The data |
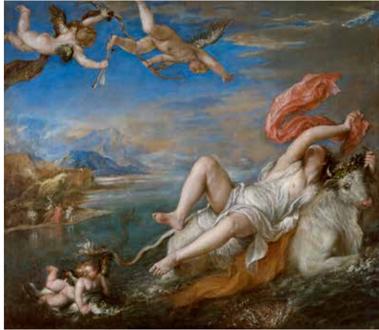
Titian The Rape of Europa , 1559-1562, oil on canvas, 70 x 81 inches Collection Isabella Stewart Gardner Museum, Boston, MA
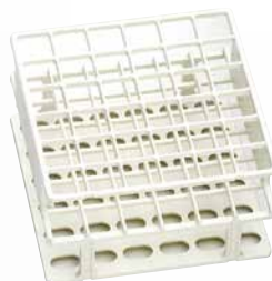
Nalgene Unwire Test Tube Half Rack
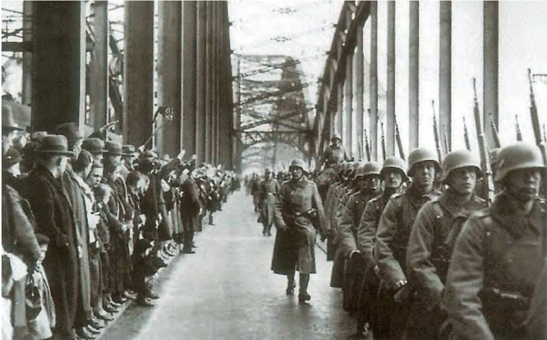
A photograph of German forces crossing the Cologne Bridge to enter the Rhineland in 1936.

Brief | Make a word-for-word repeat of the material, skipping all pictures.

Answer for the task |
Titian The Rape of Europa , 1559-1562, oil on canvas, 70 x 81 inches Collection Isabella Stewart Gardner Museum, Boston, MA
Nalgene Unwire Test Tube Half Rack
A photograph of German forces crossing the Cologne Bridge to enter the Rhineland in 1936.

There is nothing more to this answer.